From the DESeq2 vignette
1.2.5 Note on factor levels
...It is important to supply levels (otherwise the levels are chosen in
alphabetical order) and to put the “control” or “untreated” level as the first element (”base level”), so
that the log2 fold changes produced by default will be the expected comparison against the base level.
so in DESeq2, the default log fold change given is log(last-level / base-level). You made PBS the base level, so you know the log fold change will be log( LPS / PBS )
DESeq2 also tells you this information at the top when you print a results table
In the sSeq vignette, by looking at the first example of a results table you can see the log fold change given is log(condA / condB). You have condA="PBS" and condB="LPS" so you are getting log( PBS / LPS ).

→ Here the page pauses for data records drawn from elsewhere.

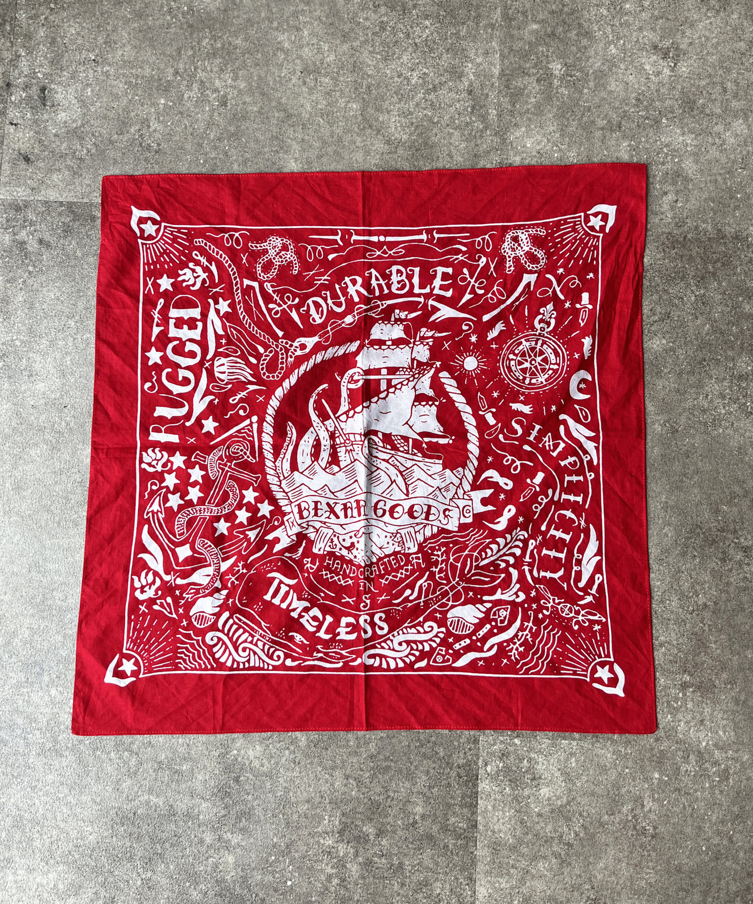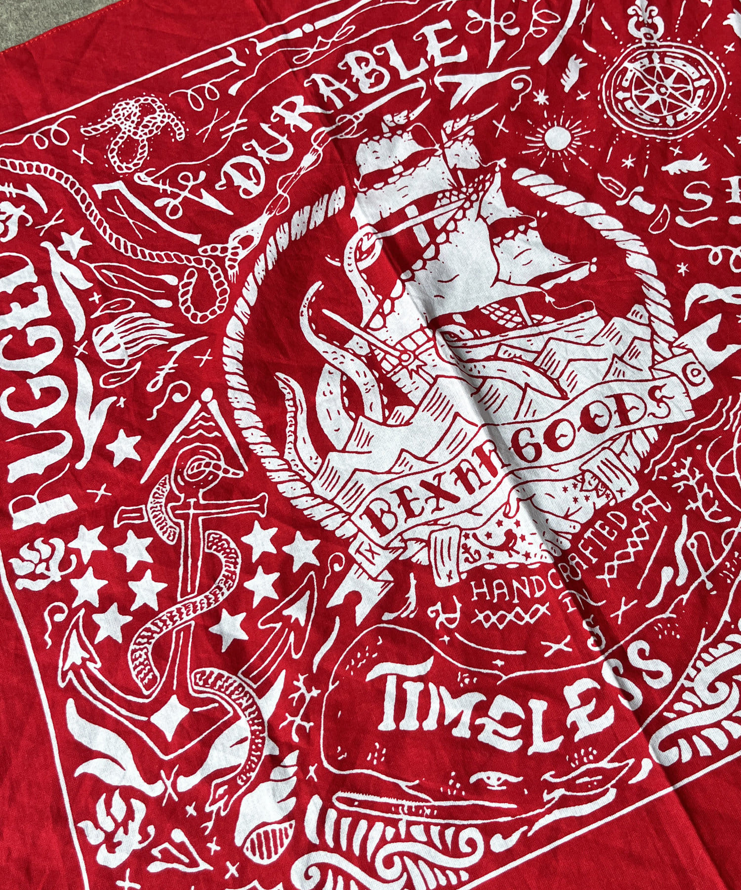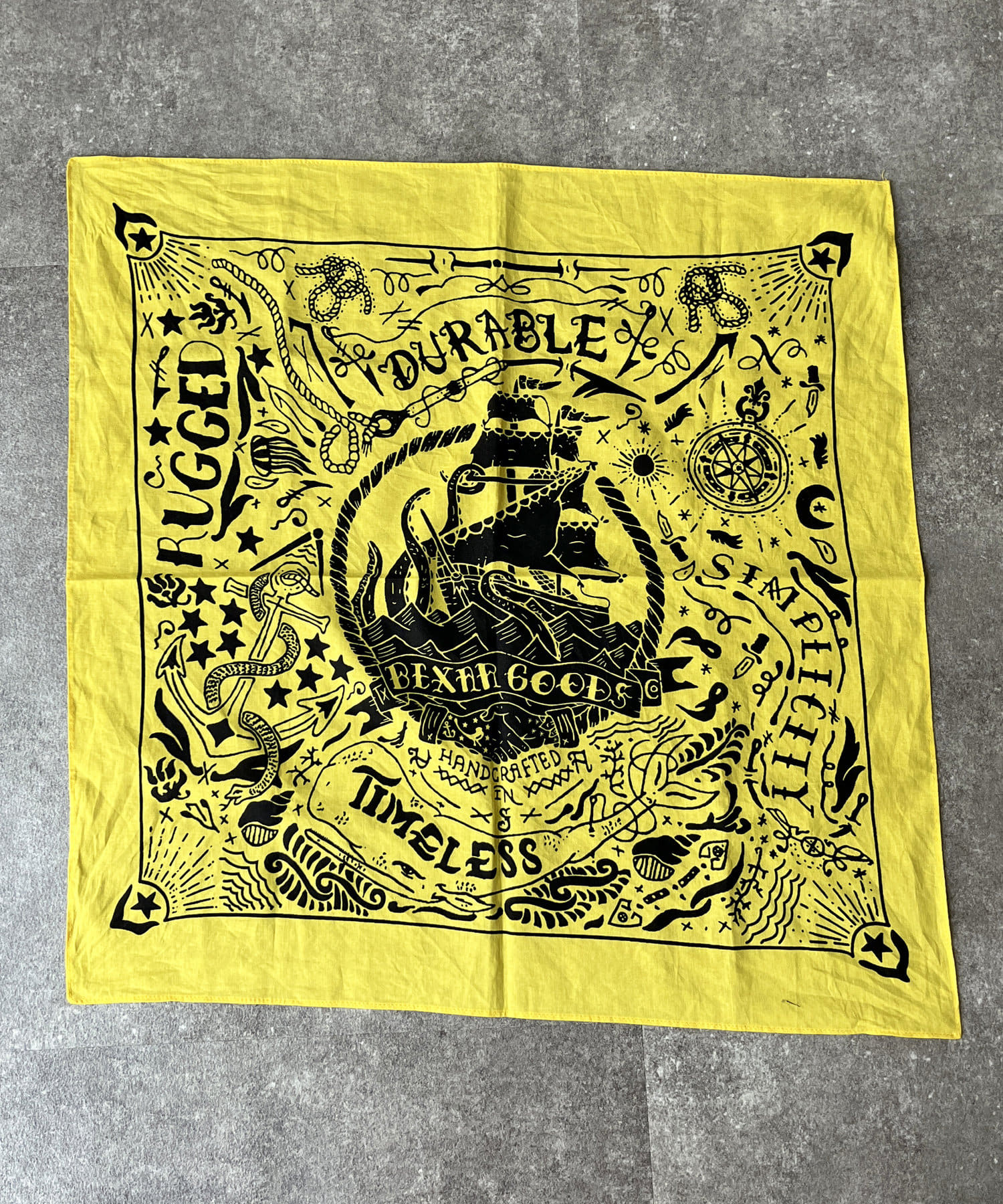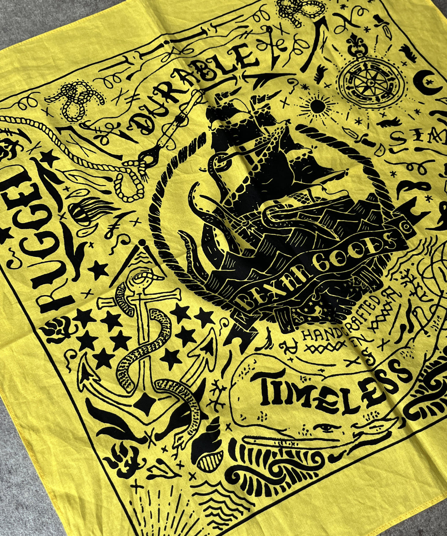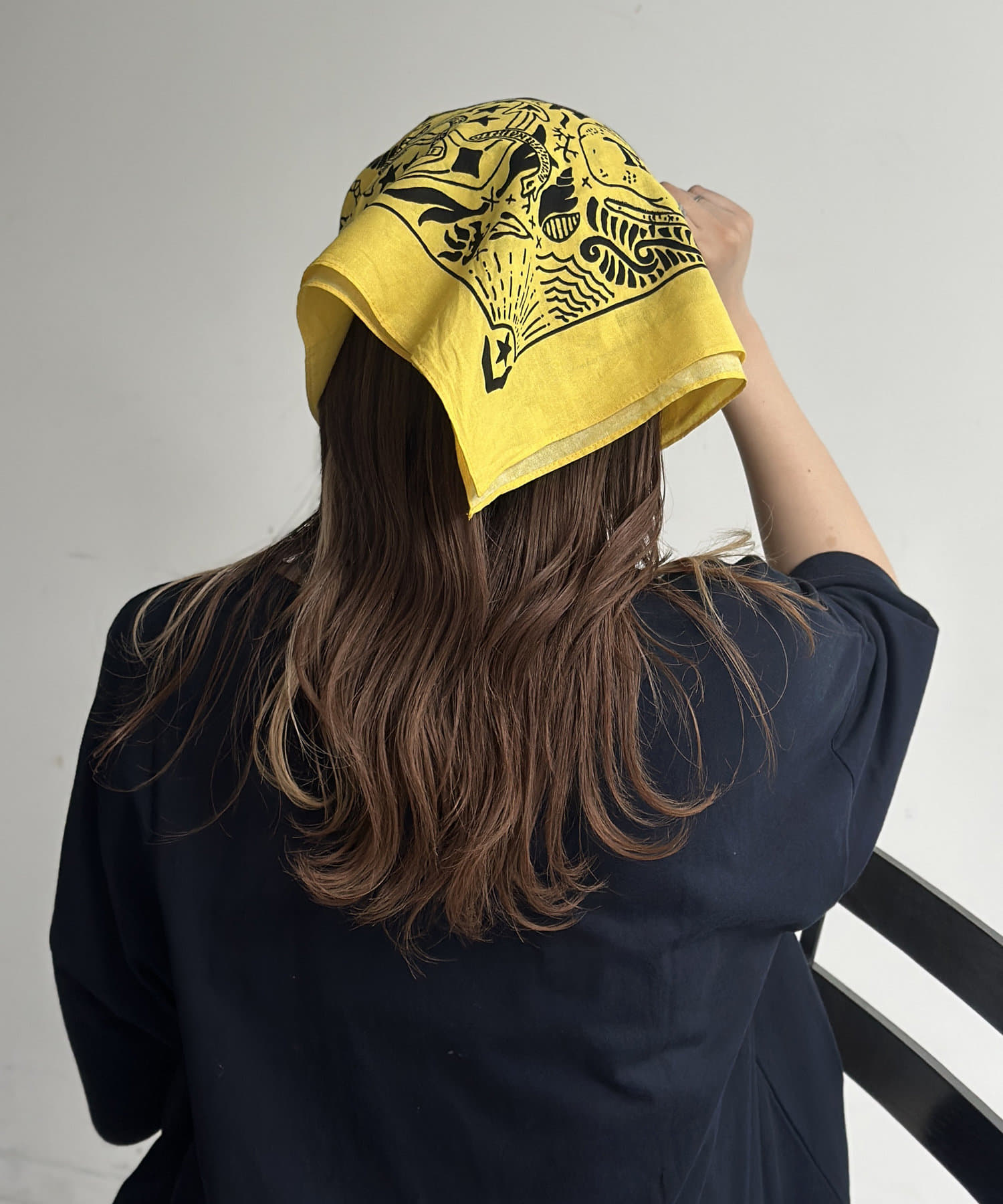 目を惹くカラーと、イラストが魅力的なバンダナ!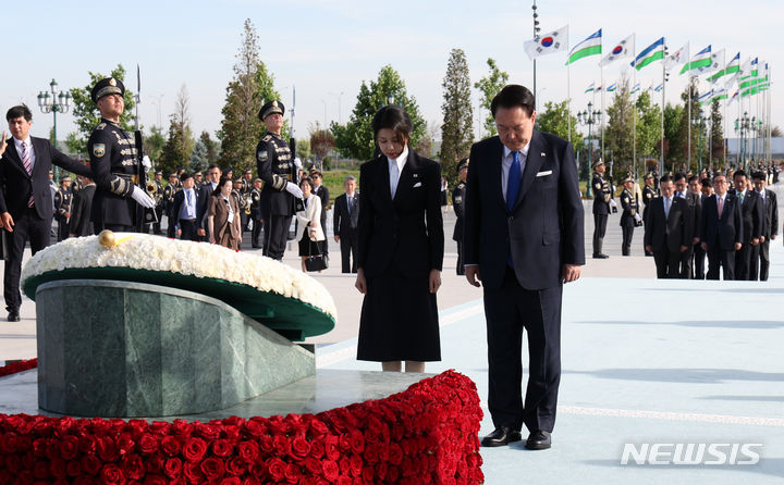 ウズベキスタン独立記念碑を訪問した尹大統領夫妻(12/13)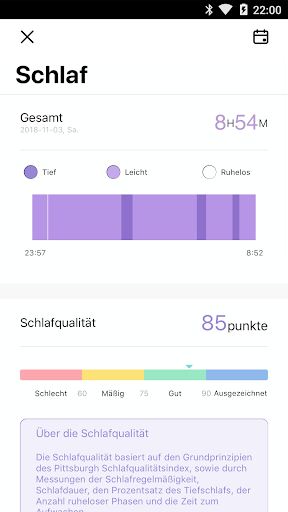• Schlaf: Erfahre mehr über deinen Schlaf mit der integrierten Schlafanalyse. Die App zeigt dir die Dauer der Leichtschlaf-, Tiefschlaf• und Ruhelos-Phasen an. ¹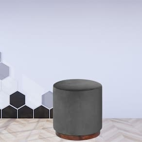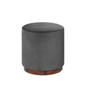 Puff Barcelona Decorativo com Veludo Cinza Cinza e Base Madeira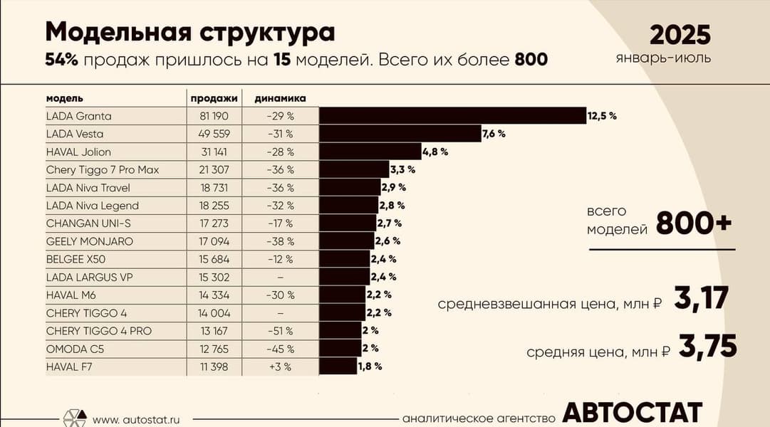 Российский авторынок демонстрирует удивительную концентрацию: по данным «Автостата», всего 15 моделей (2% от общего числа) обеспечивают более половины (54%) всех продаж новых легковых автомобилей в стране.

Thanks for your explanation Michael. Now I understand that is being calculated in different way. So if I get one gene as an example (below) in DESeq (5th column, log2FoldChange) I will said that this gene is being up-regulated (relative to the control), but in sSeq (2nd column, rawLog2FoldChange) is being down-regulated in the control (relative to the treatment)?